Below are the records. Reproduce exactly the lines from the one containing "American dining chair" through the final line, and omit any pictures.

(Dataset entries)
——————————

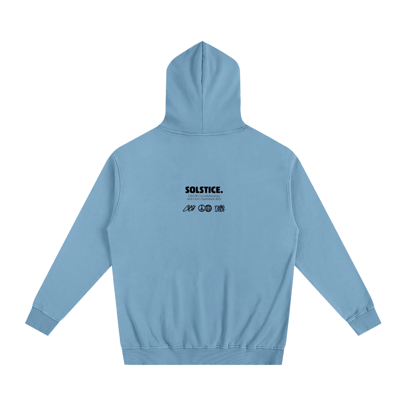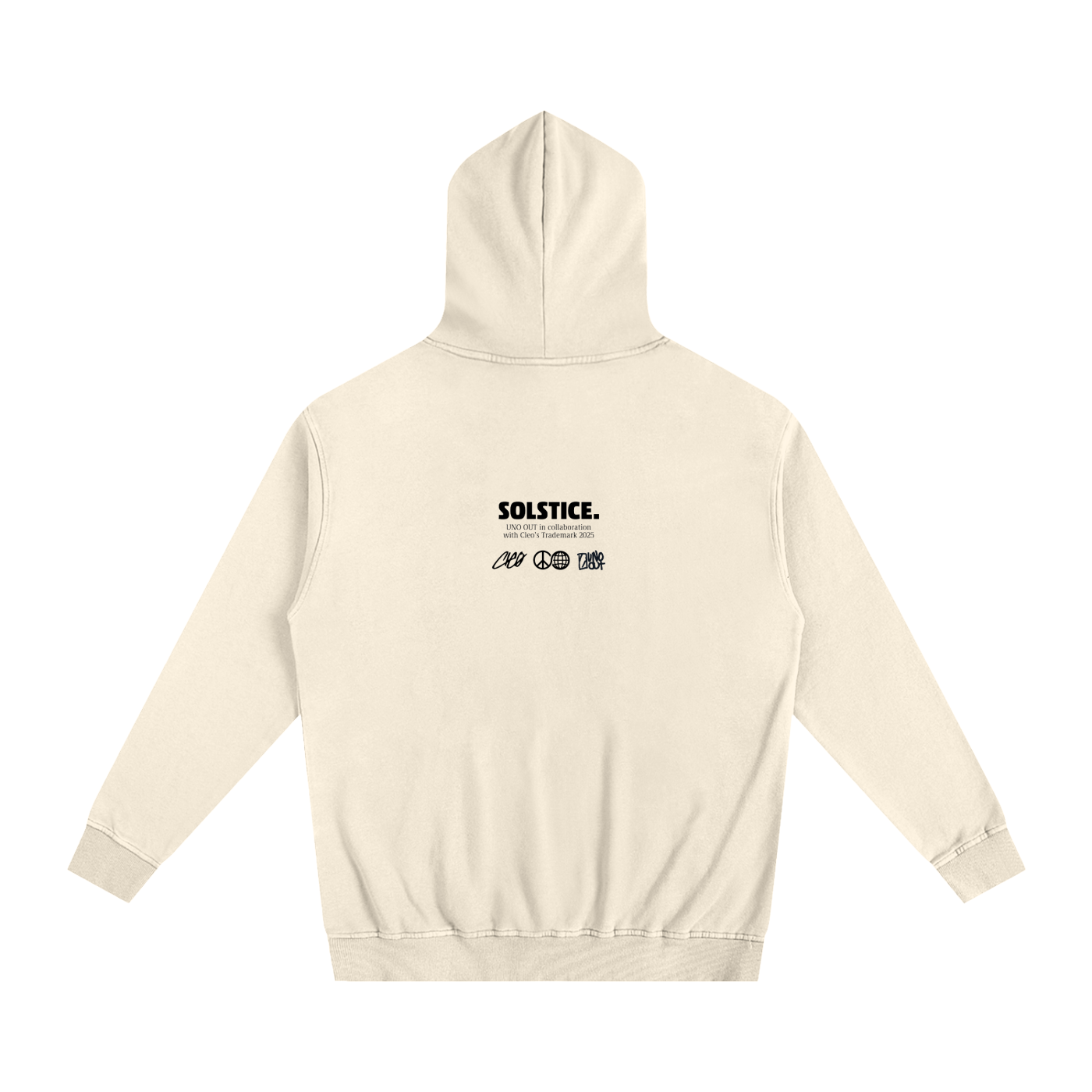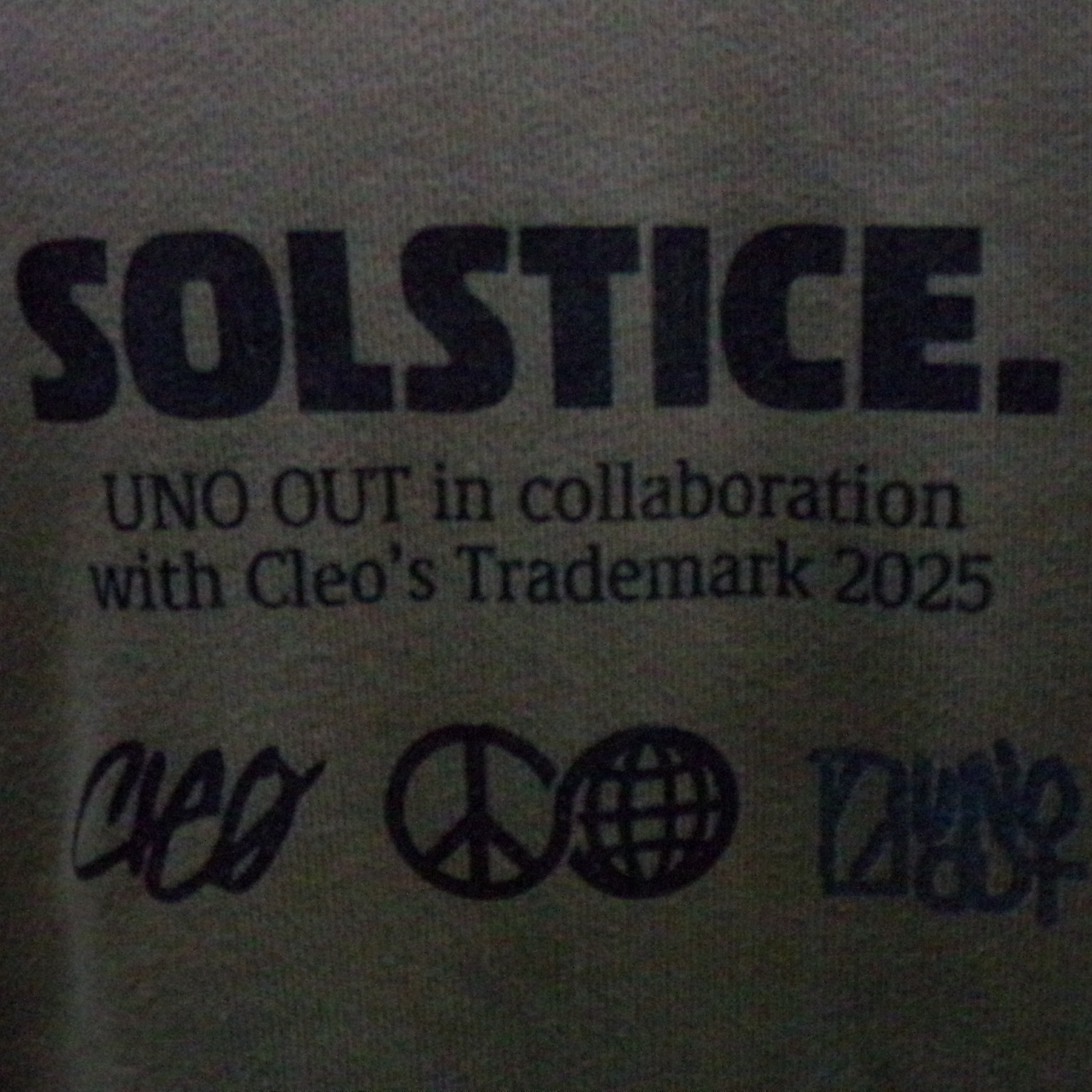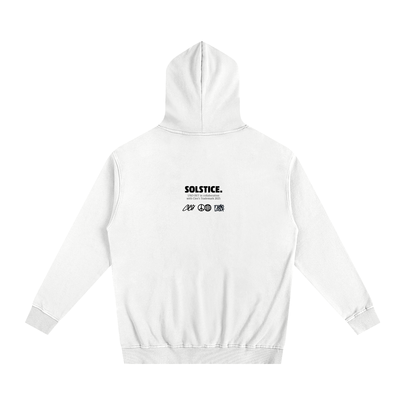 My attempt at a streetwear hoodie. Shoutout UNO for the designs. Supports the "solstice" project. Screen-printed design.
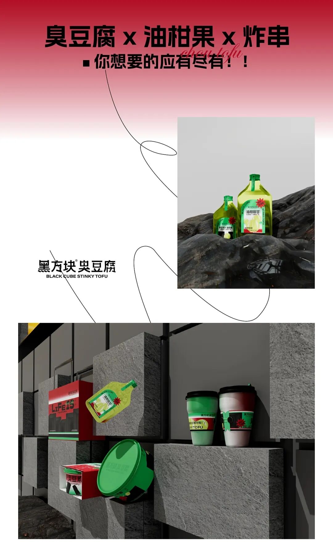 用臭豆腐与油柑果茶以及炸串进行混合推出,拉大与街边小吃的差异化,做臭豆腐,但是不只是臭豆腐!一色一味一应俱全!碰撞出不同的美食风味!!你想要的应有尽有!!
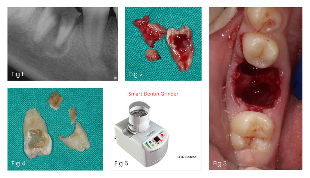 Your dental practitioner transforms your extracted tooth into Autogenous Dentin Graft - a natural, effective way to speed up healing and restore your jawbone.
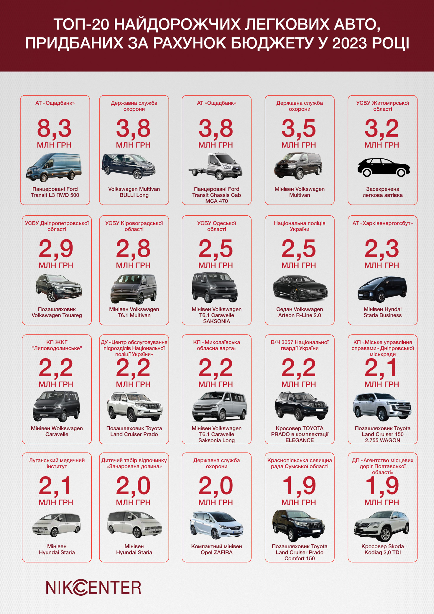Nikcenter проаналізував бюджетні закупівлі і виділив топ-20 найдорожчих авто, які закуповували в Україні в 2023 році.
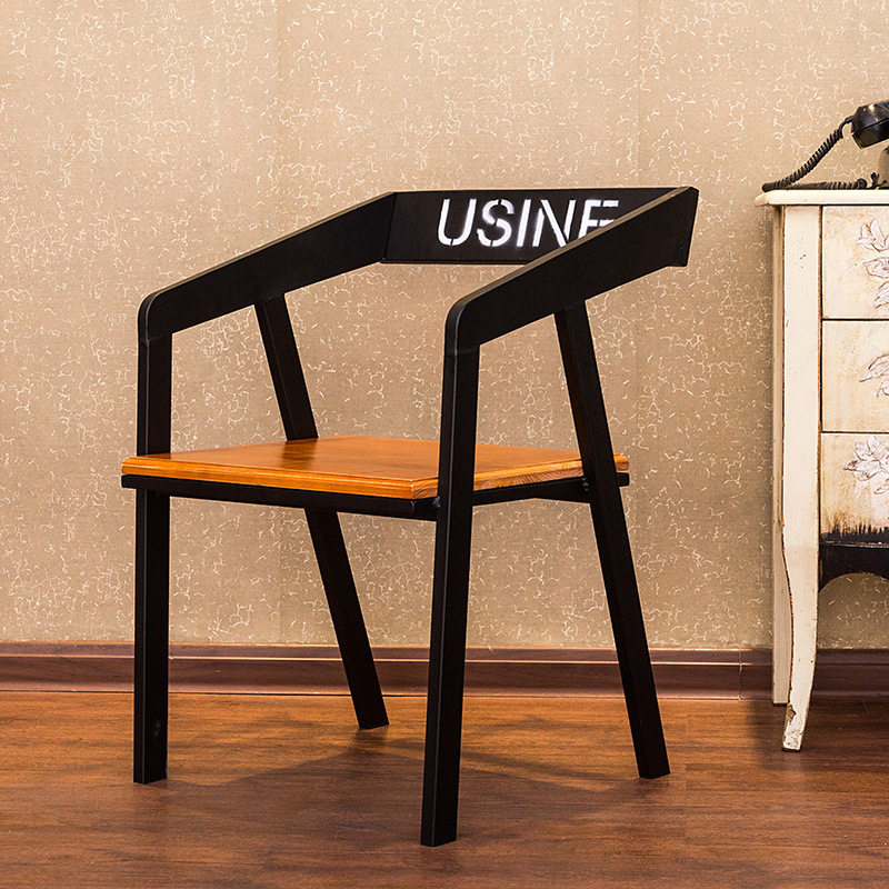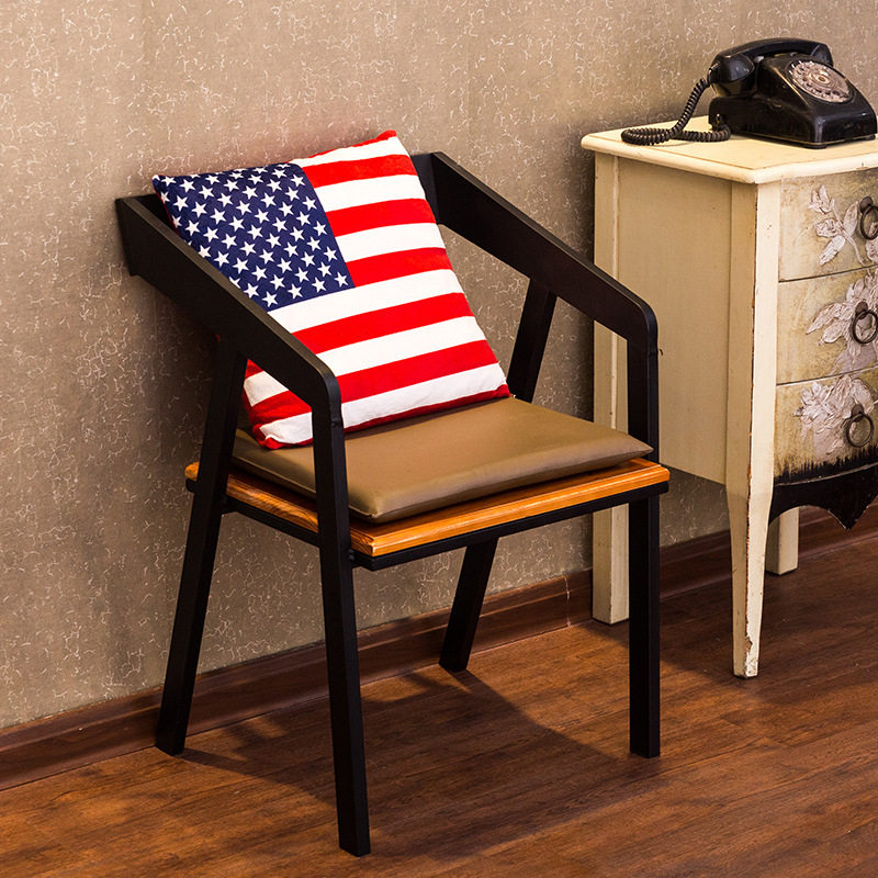 American dining chair Iron art solid wood dining table chair Ingenuity light luxury milk tea shop dining chair Cafe Industrial style theme dining room
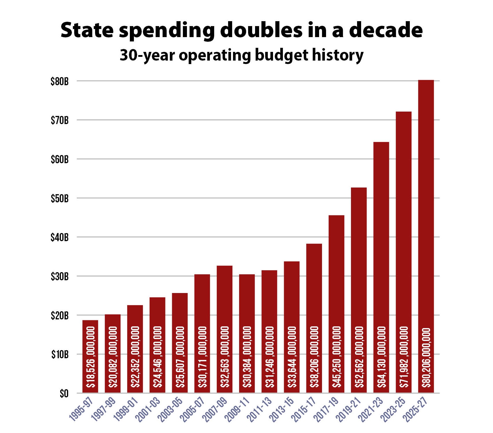 So why are we seeing this push for an income tax? It’s because our colleagues have spent the state into the hole and want to keep right on spending. This year’s budget continues the trend. It increases total spending for 2025-27 to $80.2 billion, double our budget of ten years ago. Spending has risen twice as fast as the median family income, and this rapid growth of state government is getting us in serious trouble.

——————————

**WRITTEN SOLUTION**
 American dining chair Iron art solid wood dining table chair Ingenuity light luxury milk tea shop dining chair Cafe Industrial style theme dining room
 So why are we seeing this push for an income tax? It’s because our colleagues have spent the state into the hole and want to keep right on spending. This year’s budget continues the trend. It increases total spending for 2025-27 to $80.2 billion, double our budget of ten years ago. Spending has risen twice as fast as the median family income, and this rapid growth of state government is getting us in serious trouble.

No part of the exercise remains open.